Two drug companies announced they will collaborate on developing the first all-in-one, one-a-day pill to treat HIV infection _ a long-sought goal that would make it much easier for patients to stick with their medication.

Currently, the best AIDS treatment requires patients to take two to four pills a day. Less than a decade ago, many patients had to take 25 to 30 pills a day, often at precise times and under specific conditions such as with food, making it extremely difficult for patients to stick to the complex schedule. Missing doses makes it easier for the virus to mutate and become resistant to medication.

In the first collaboration by competing AIDS drug makers, Bristol-Myers Squibb Co. and Gilead Sciences Inc. formed a joint venture to test and market a single pill combining three widely used medicines from two different classes of AIDS drugs.

Because the three individual drugs already are on the market, the once-a-day combination could be approved and on sale as soon as the second half of 2006, David Rosen, a spokesman for Bristol-Myers Squibb, said Monday.

"To have it all in a single pill is terrific," Dr. Anthony Fauci, director of the National Institute of Allergy and Infectious Diseases, told The Associated Press.

The combination pill will include Sustiva, made by Bristol-Myers Squibb.
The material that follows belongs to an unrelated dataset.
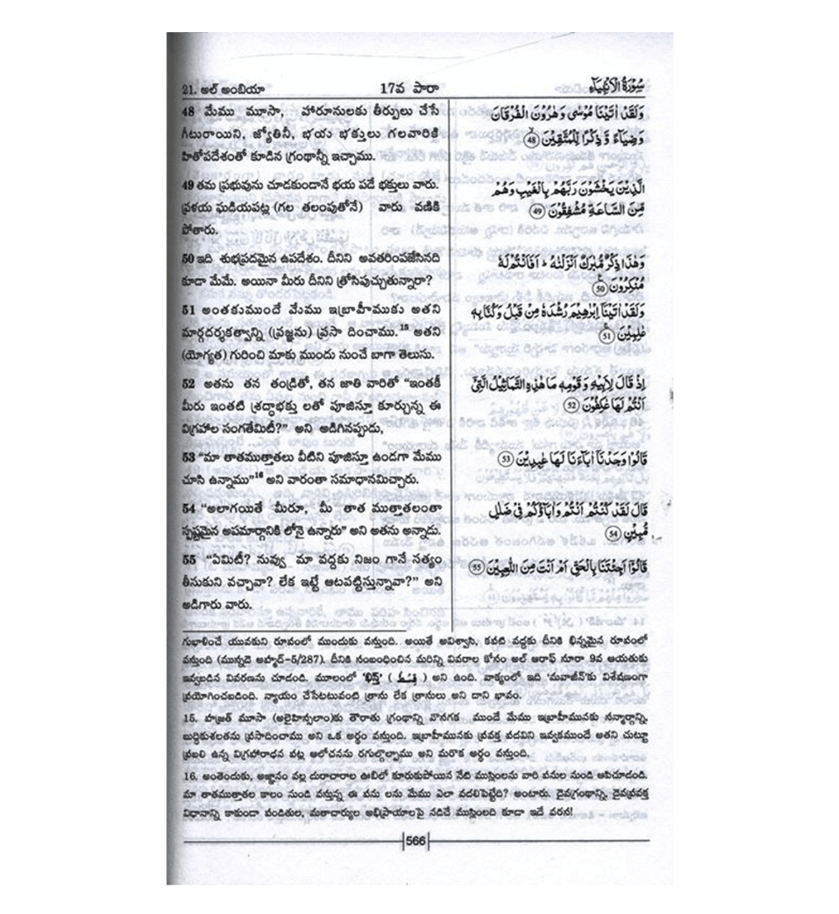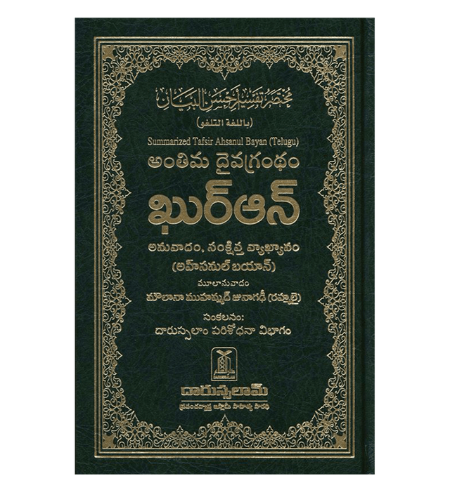 Full Telugu language translation of the Quran is featured on the left page in this Mushaf, and Arabic Indo Script is on the right. The Tafseer Ahsanul Bayan provides an easy-to-understand commentary of the Quran in Telugu.
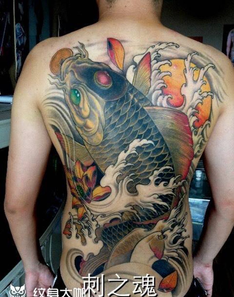 招财鲤鱼纹身图片_成品背部传统习俗动物原创纹身图案

It also will include two AIDS drugs made by Gilead Sciences of Foster City, California"The latter two drugs are from the same class of AIDS drugs, but they block copying of the AIDS virus at two different points early in its replication cycle. Sustiva is from a different class of drugs and attacks the virus later in the cycle.

The pill is for people diagnosed HIV-positive who have never taken HIV medicines before.

The two companies will have to combine the component drugs so that the single pill is absorbed the same, has identical effects, lasts in the body as long and has the same shelf life, said Robert Lipper, vice president of biopharmaceutics research and development at Bristol-Myers.

"It's the first time ever that two companies with competing products have worked together," said Dr. Michael Saag, director of the AIDS Center at the University of Alabama at Birmingham. "This is something patient advocates and a lot of physicians have been pushing for for over a decade."

Fauci also said such partnerships are crucial. "We hope it's the beginning of future collaborations," he said.

The three drugs in the combination, which are becoming the treatment of choice, together cost $900 (euro673) to $1,000 (euro747) a month. Rosen said it is too soon to say how much the companies will charge for the single pill.

The combination does not include a protease inhibitor, a class of drug that has been standard in recent years but that also carries many side effects.